Illustrating the findings of the meta-analysis of the area under the curve (AUC) values. The studies included in the analysis were grouped based on the type of cases and controls. The random effects model was used, along with the inverse variance method, to calculate the pooled AUC value and its corresponding 95% confidence interval (CI). The heterogeneity among the studies was assessed using the I^2 and Tau^2 measures.

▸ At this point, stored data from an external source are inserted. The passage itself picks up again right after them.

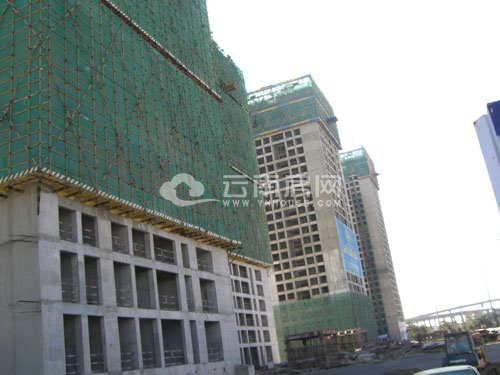 放眼望去,五棟在建的建筑聳立在半空,尤其是靠近曇華寺的那棟已經(jīng)褪去紗網(wǎng)的建筑遠(yuǎn)遠(yuǎn)的就能看見,而該棟建筑的底層就是項目售樓部,由于項目還在施工因此入口處被一片藍(lán)色的擋板分割開來,不過這并不影響購房者進(jìn)入售樓部。
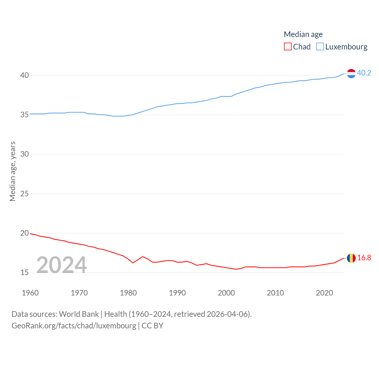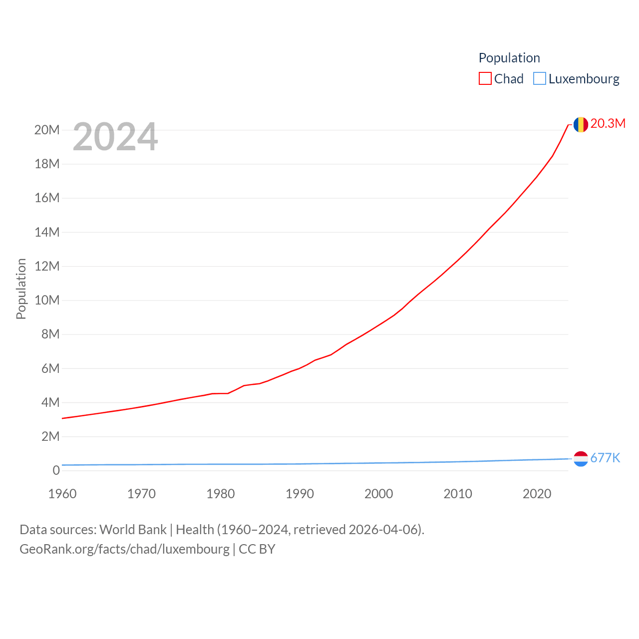 Chad has a population of 20.3M (ranked 65/197), compared with 677K in Luxembourg (ranked 164/197). Chad's land area is 486,180 sq mi versus 994 sq mi for Luxembourg (ranked 21st vs. 169th).
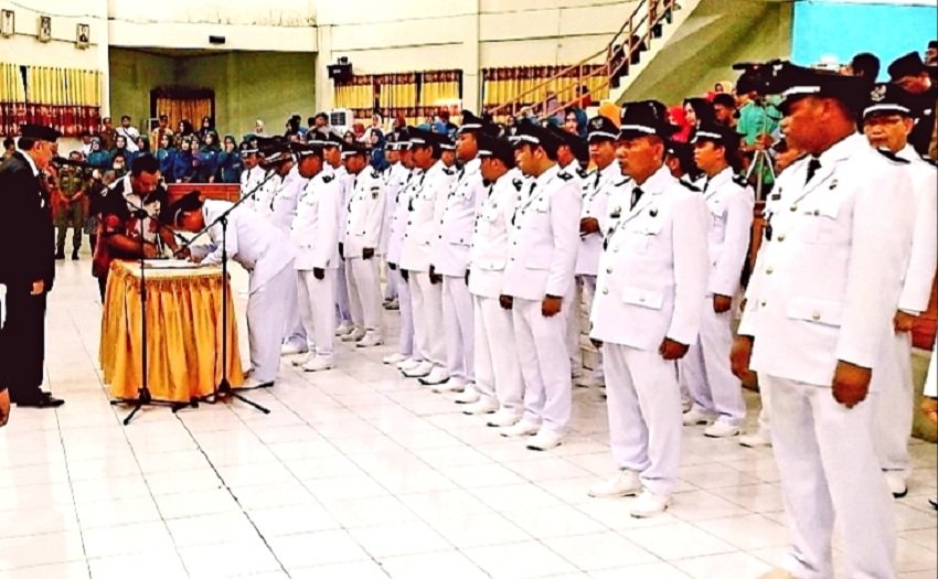 Pelantikan Kades dilaksanakan serentak baru kali ini terjadi, karena paradigma kerja sekarang harus efisien dan efektif disamping penghematan biaya.
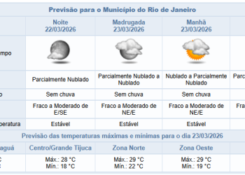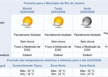 Noticias 22 de março de 2026 Domingo (22/03) será de tempo estável e sem previsão de chuva para a cidade do Rio de Janeiro
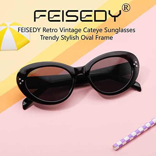 HOT ! FEISEDY Y2k Oval Sunglasses Womens Thick Bold Retro Clout Goggles Round Cateye Shades B2313
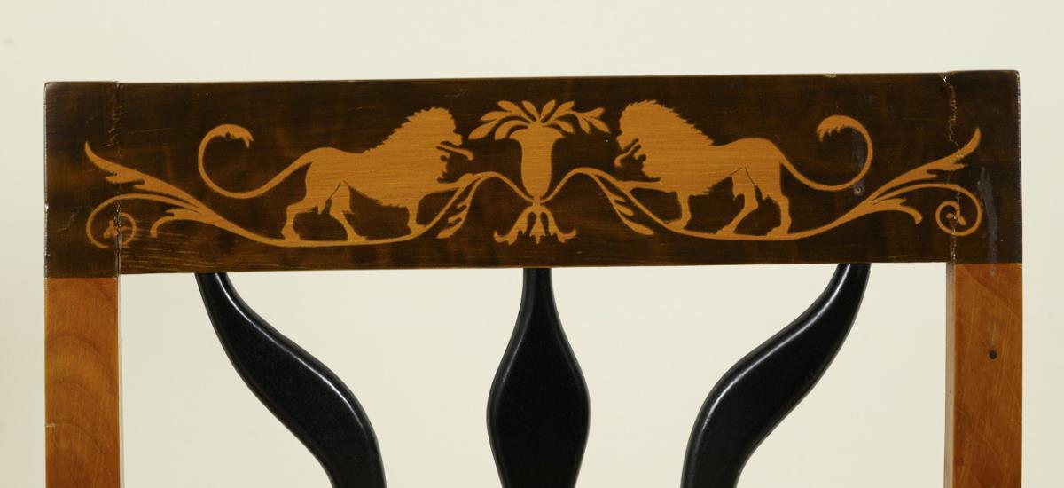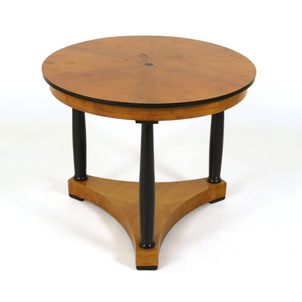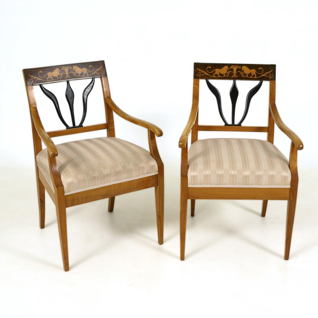 2 gepolsterte Armlehnstühle und 1 runder Salontisch im Biedermeier-Stil, Tisch (H ca. 67 cm, Ø ca. 81,5 cm) mit glatter Zarge und 3 ebonisierten Säulenbeinen und dreipassig eingezogener Bodenplatte; 2 Armlehnstühle mit ebonisierter Schilfblattversprossung und schablonierter Löwenornamentik; champagnerfarben gestreifter Bezug (H je ca. 88 cm, Sitzhöhe je ca. 47 cm). Alters-/Gebrauchsspuren, Furnier der Tischplatte stark rissig und gelöst (Wasserschaden), Bezug fleckig.

https://doi.org/10.1371/journal.pone.0308009.g002

All three studies demonstrated statistically significant up-regulation of MALAT1 expression levels in CRC. Furthermore, Chaleshi et al. [29] noted a sensitivity and specificity of 0.5 and 0.75, respectively. Gharib et al. [27] reported that the corresponding values for specificity and sensitivity were 0.7778 and 0.8182, respectively. For the aforementioned studies, which included 126 cases and 126 healthy controls, the pooled sensitivity was 0.675 (95% CI: 0.324–0.900, p = 0.328), and the pooled specificity was 0.771 (95% CI: 0.685–0.839, p < 0.0001). For differentiating metastatic from non-metastatic CRC, MALAT1’s AUC value was 0.8673 (95% CI: 0.7953–0.9393), as reported by Ji et al. [30], involving 46 metastatic cases and 78 non-metastatic controls.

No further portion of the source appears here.